Sadly it did not stop and swam strongly out and away from the bank, its departure being made all the more certain by the unwelcome scrutiny of numerous Black headed Gulls, which seemed to recognise it was unusual, a stranger and therefore deserving of their malign attentions.This caused it to crash dive to escape the gulls and then swim even further into the middle of the lake, towards the island. I inwardly cursed the gulls as, not for the first time, they managed to confound my aspirations.

The Ferruginous Duck swam surprisingly quickly across the lake, by-passing the island, covering the distance more rapidly than I expected. It appeared restless, uneasy about the many gulls present, unsure on this unfamiliar lake, of where to go to seek somewhere it would be left to itself.

It arrived at the other side of the lake, joining a trio of Tufted Ducks, a stranger seeking out, as lost birds often do, the nearest thing to its own kind. A re-assurance. A comfort maybe. It commenced to dive and feed with the Tufted Ducks. When I caught up with it, no sooner had I done so than it swam rapidly back to the middle of the lake and continued to do this for most of the time I was admiring it in the park. It was, for this afternoon at least, never really settled although it has been here for eight days now.

There is always a question in one's mind about the provenance of ducks such as this. Always a nagging doubt. Can they really be wild or have they escaped from a wildfowl collection? No one can ever know for certain. All I can say is that it demonstrated more wariness than the wild Tufted Ducks present, it was unringed and could fly. Its plumage was pristine and showed no signs of wear from being in captivity. But always there is a doubt and one just has to make one's own mind up.

Ferruginous Ducks are normally distributed fom Iberia and North Africa east to Mongolia and south to Saudi Arabia. Western populations winter in the Mediterranean and Black Sea and eastern birds winter in south and south eastern Asia. Almost inevitably, following the depressing trend of diminishing bird populations it has become a scarce and declining species  in the western parts of its range due to habitat degradation and hunting and is now giving conservation concern. 
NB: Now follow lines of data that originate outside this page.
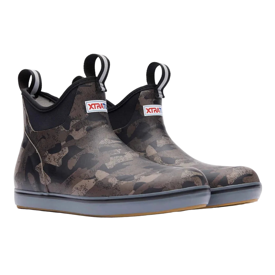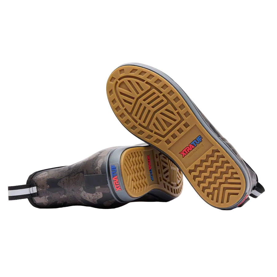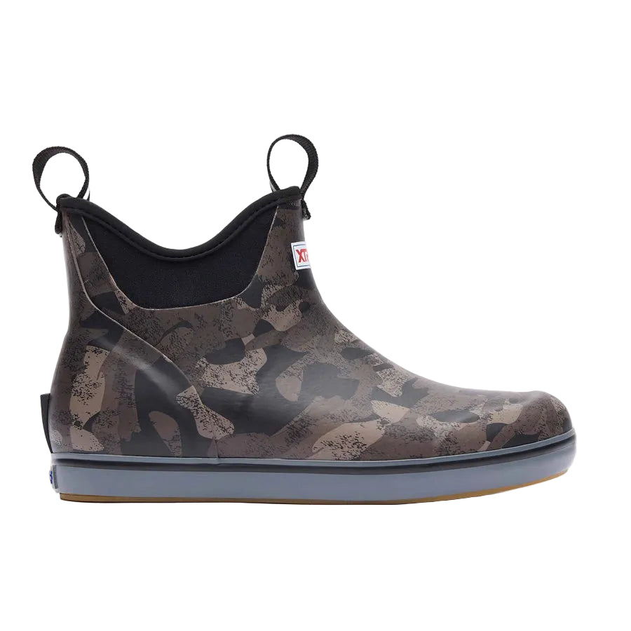 This lightweight design has the same slip-resistant Chevron outsole found in our Legacy boots. The performance ankle deck boot is the perfect boot for any on the water athlete looking for protection with slip-on-and-go styling. This version delivers performance and style with an understated black camo design.
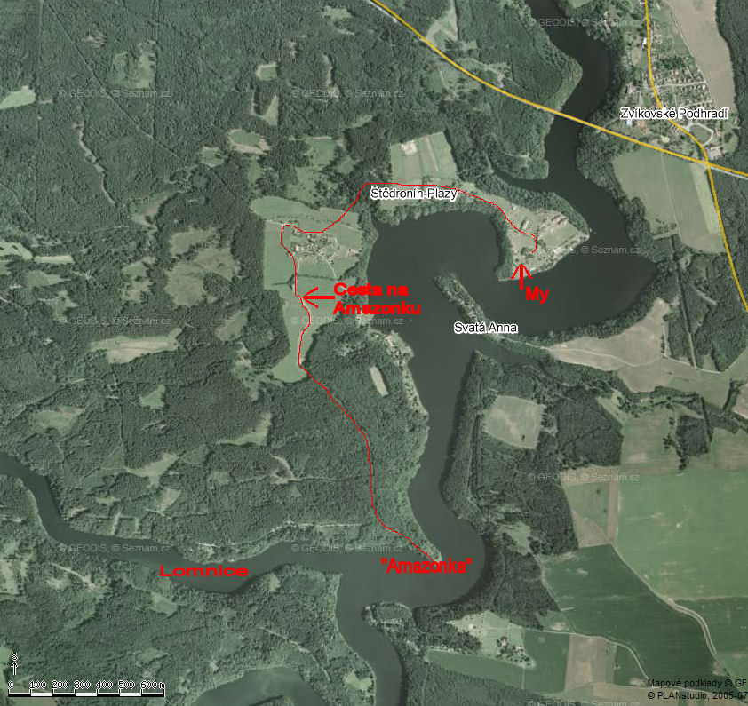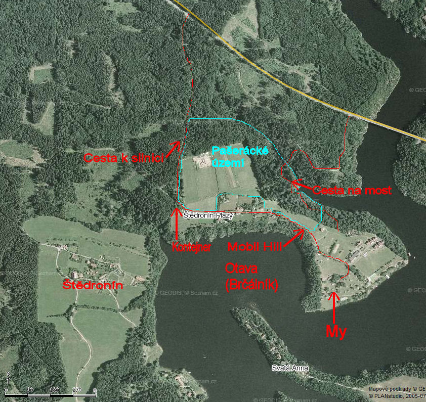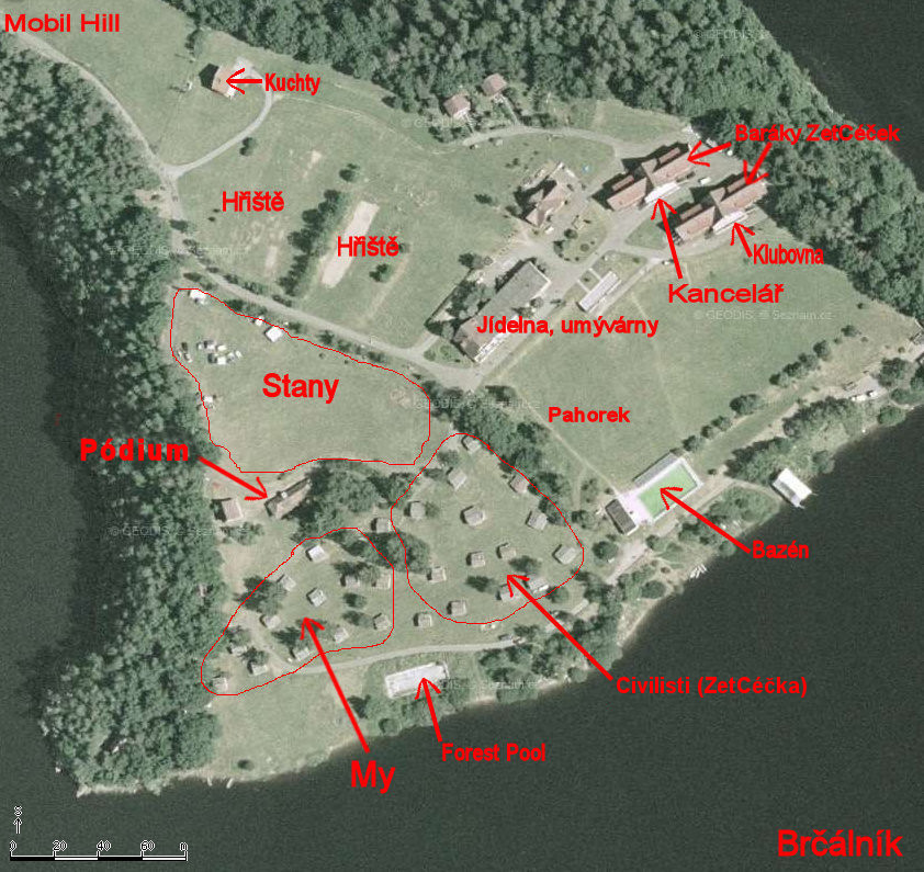 Abyste se mohli lépe zorientovat (zejména ti, kdo tam ještě nebyli), máte níže uvedeny 3 satelitní pohledy na tábořiště s různou úrovní podrobností a popisem důležitých bodů:
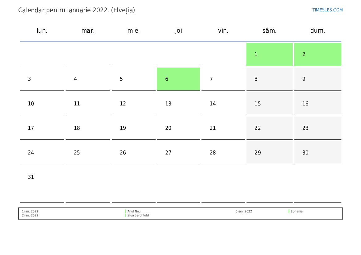 Calendarul sărbătorilor și weekendurilor pentru ianuarie 2022 pentru Elveția
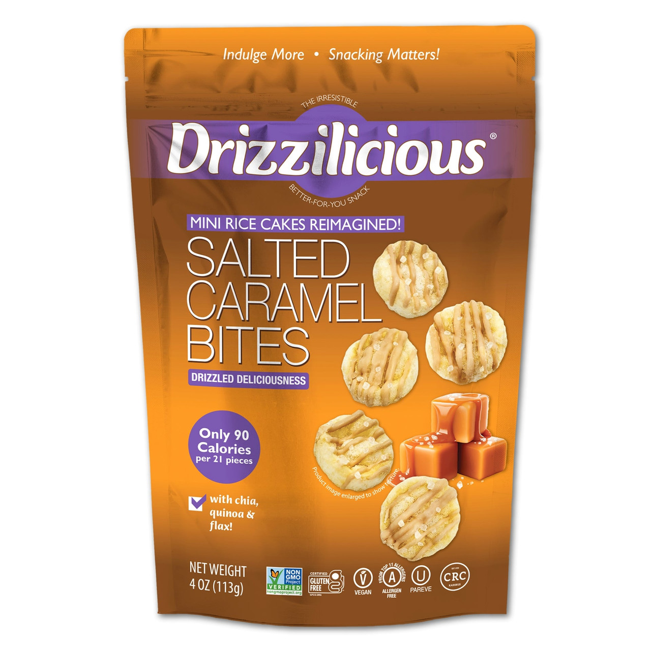 - Drizzilicious Salted Caramel Mini Rice Cakes, 4 oz, Gluten-Free, Vegan, with Quinoa, Chia and Flax, 90 Calories

I admired this handsome drake. Its head and breast in particular a rich rufous, shining like a piece of polished mahogany, radiant in the sun, its flanks paler in colour and less rich in tone. The back was dark brown and there was a prominent white area under the tail. This duck has white eyes, prominent and startling by way of contrast with its rufous head, the eyes like small white marbles with pinprick black pupils giving rise to its alternative but now defunct names of White-eyed Duck or White-eyed Pochard. A bluish grey bill with a black nail at its tip complemented the pleasing appearance. Compared to the rounder, squat, more robust Tufted Ducks, its form was distinctive in being slightly smaller, slimmer, with a noticeably longer neck and thinner bill and a head with a sloping forehead rising to a prominent peaked crown. The Tufted Ducks were content to accept its company and the Ferruginous Duck maintained a loose association whenever it could with them. The last I saw of it, before departing, was with a group of Tufted Ducks that were swimming aimlessly, back and fore, under the bank of the wooded island. I even saw it displaying to the Tufted Ducks in a half hearted manner on one occasion. Needless to say it was ignored.

I have, over the years, seen eight Ferruginous Ducks in Britain, male and female, even one on the RSPB's Otmoor Reserve in my home county of Oxfordshire. This latest individual in Wolverhampton has proved very popular, with many people going to see it.